Come il più giovane Bjarke Ingels, anche Libeskind è estremamente assertivo nel suo modo di descrivere i propri progetti: mentre Ingels si affida a diagrammi e disegni però, lui predilige la pura parola. Ascoltarlo descrivere i suoi progetti, specie quando ne illustra gli assunti e le linee guida, ha sempre un unico esito: geniale, non c’è altro da fare. Trattandosi di progetti che spesso hanno a che fare con temi più astratti di quelli di cui si occupa Ingels (musei ebraici, musei della Grande Guerra, chiese), la libertà che gli è concessa nello spaziare fra le praterie dell’astrazione pura è infinita. E lui lo sa bene e ci sta a suo agio.
Questa ragazza “ascoltava” uno dei 49 pilastri del Giardino dell’Esilio.
Il Museo Ebraico di Berlino è un progetto fondativo per lui: per molti versi solo lui poteva realizzarlo. Ebreo polacco, figlio di deportati, architetto newyorkese già noto come decostruttivista. Tutto sembrava congiurare a suo favore e così è stato.
Il lampo che ha disegnato è una stella di David scomposta e ricomposta. Le finestre sono tagli obliqui e casuali sulla pelle di zinco che ricopre l’intero edificio e sembrano ferite su un corpo, casuali come casuale può essere la violenza. A Libeskind piace spiegare i suoi progetti attraverso alcuni elementi caratterizzanti: sempre pochi, densi di significato, che possono essere compresi facilmente pur essendo spesso molto astratti.
Gli assi della Continuità e dell’Esilio al primo livello (interrato)
Le finestre oblique e casuali sono ferite; i corridoi al piano interrato (da dove si accede al museo scendendo dal corpo storico — l’estensione infatti non ha alcun accesso dalla strada) sono gli assi della Continuità, dell’Olocausto e dell’Esilio. I vuoti sono simbolici del vuoto della storia degli ebrei di Berlino: un vuoto storico di documenti e testimonianze cancellate dalla furia e dalla violenza nazista. Libeskind voleva espressamente che questi vuoti ci fossero, pur non avendo alcuna funzione espositiva: sono come convitati di pietra, che non possono non essere presenti. Sono grandi spazi a tutta altezza che attraversano i livelli del volume del museo e che si possono vedere da più punti di vista, affacciandosi ai tagli obliqui che sono un po’ ovunque. Il più bel vuoto è sicuramente quello della Memoria: ricoperto dalla straordinaria installazione Shalekhet di 10.000 forme di volti in metallo punzonato, opera di Kadishman, è un’opera d’arte che richiede al visitatore di essere calpestata.
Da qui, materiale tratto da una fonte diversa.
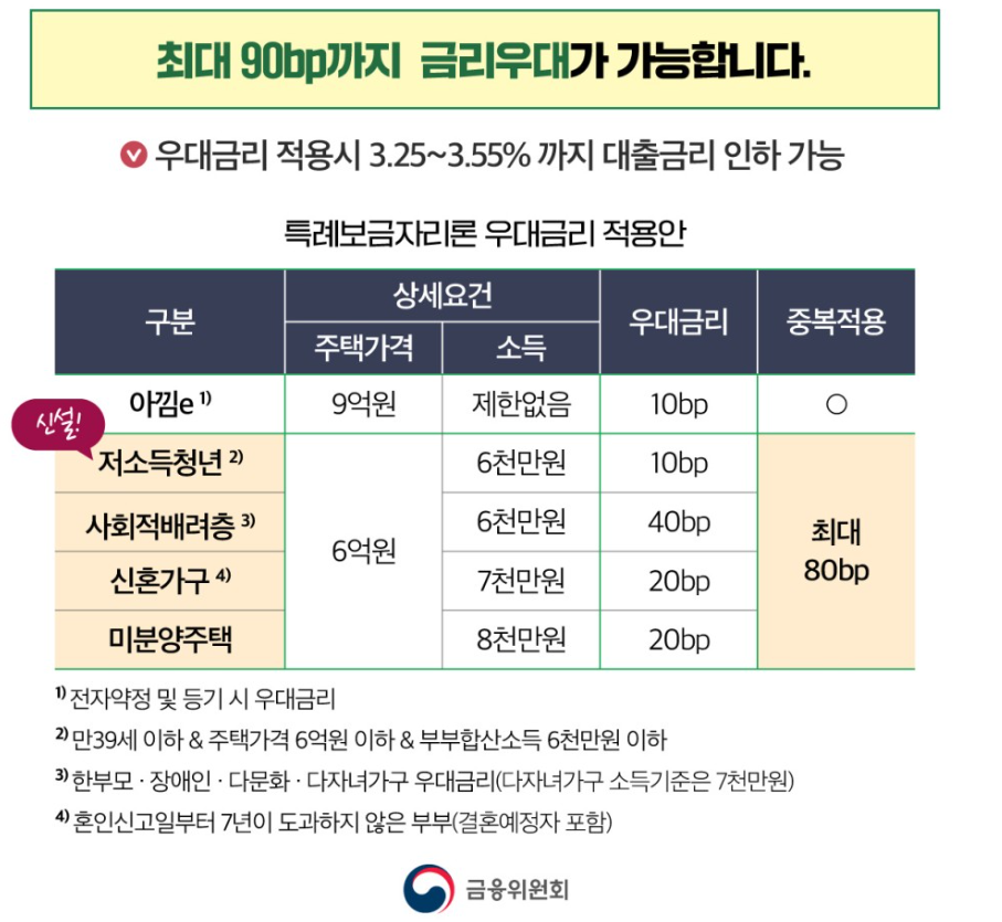 ▷주택 가격이 6억 원 이하이고 부부 합산 소득이 1억 원 이하인 차주는 연 4.15∼4.45%(우대형)
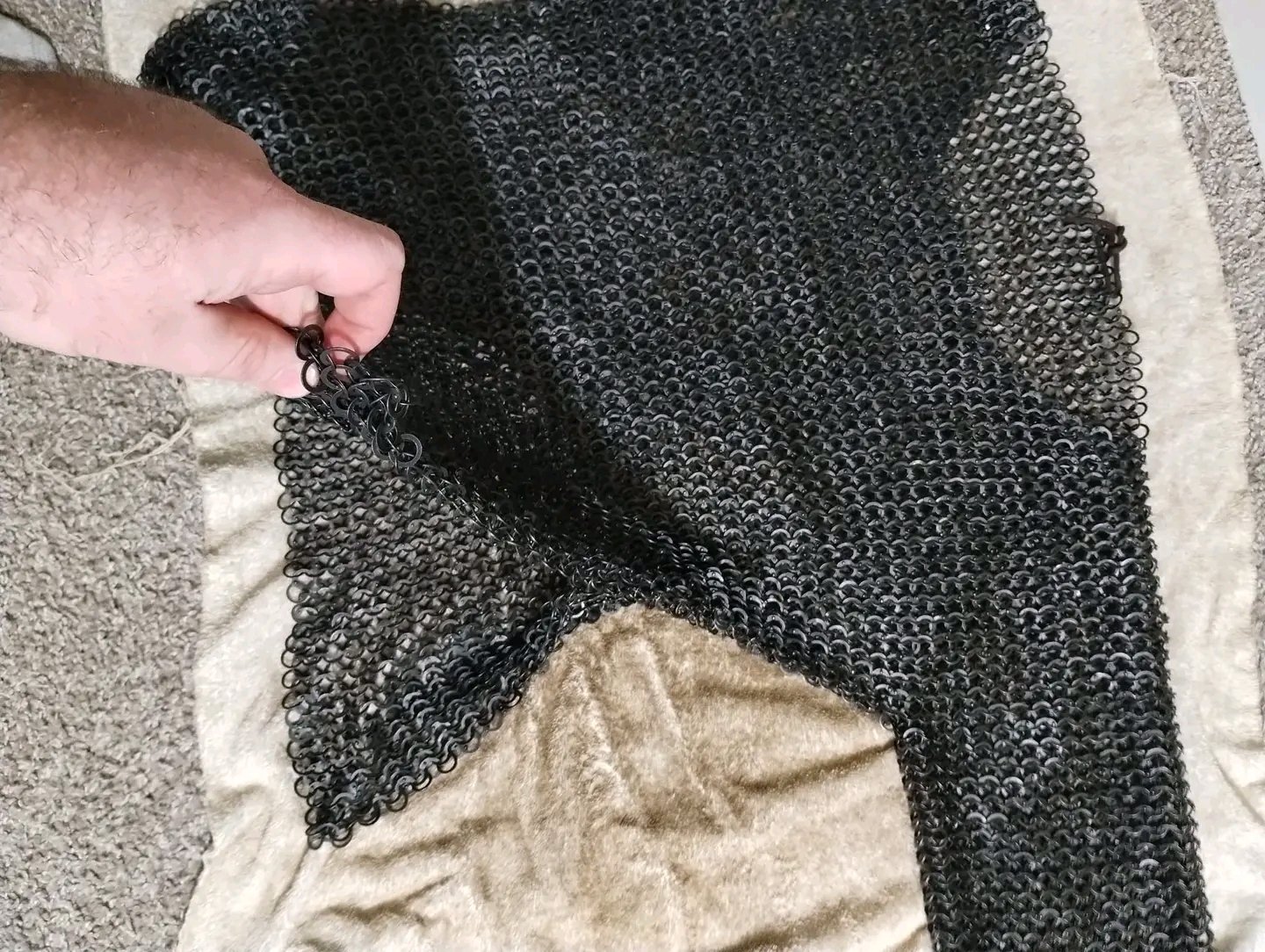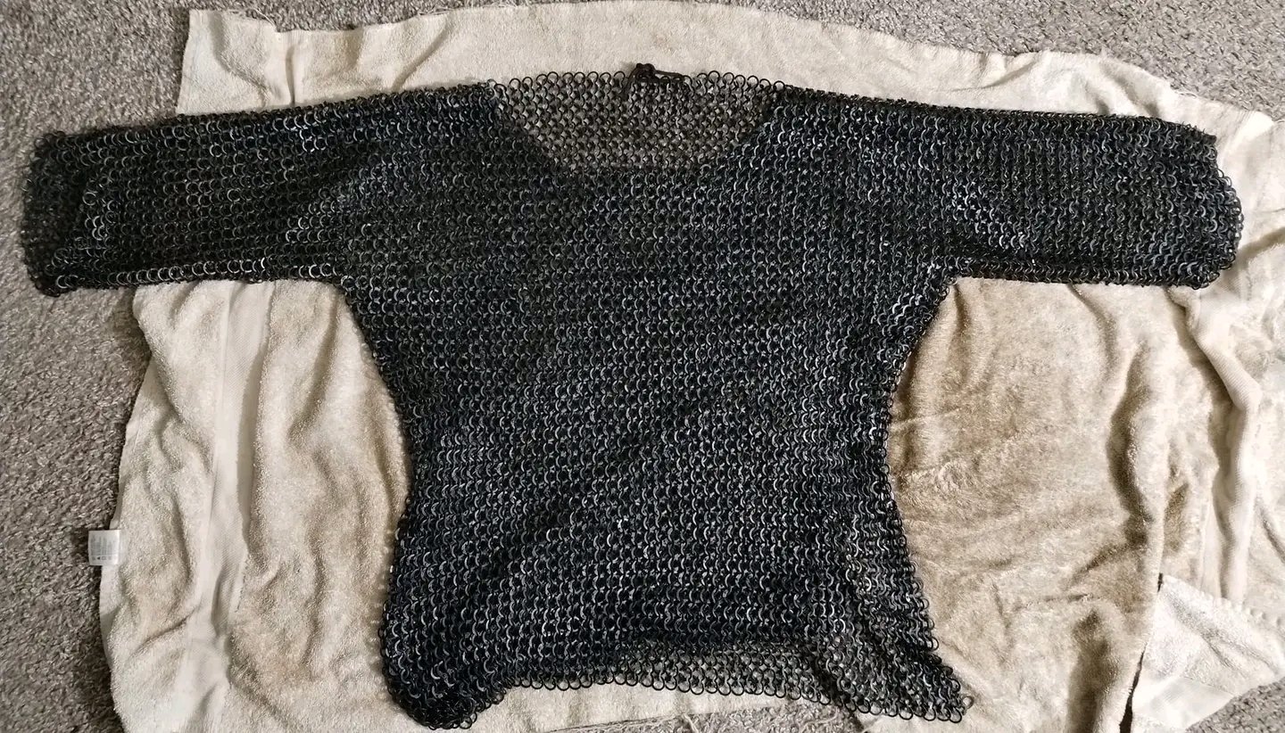 Riveted steel chainmail shirt. 3/4 sleeves for up to a 42″ chest.

Il vuoto della Memoria con l’installazione Shalekhet di 10.000 forme di volti in metallo punzonato, opera di Kadishman
A ogni passo le formelle stridono fra di loro, suonando come mugugni e lamenti strazianti. Calpestandole ci si sente carnefici eppure anche gli unici che possono dare una voce a quei volti anonimi che guardano il cielo con un’espressione stupefatta e perduta.
Ci sono i corridoi/assi che danno una direzione e una lettura della storia del popolo ebraico. Ci sono i vuoti che sono la memoria della loro tragica storia, cancellata con la violenza. Pur essendo un museo che di tradizionale non ha niente — ma che ha moltissimo di simbolico — Libeskind è riuscito perfettamente a rappresentare la parabola degli ebrei a Berlino, alla cui storia è poi dedicato il resto dell’esposizione.
Visitandolo nel suo insieme sembra però che non tutto funzioni.
Gran parte del museo è straordinaria nell’intuizione e nella realizzazione.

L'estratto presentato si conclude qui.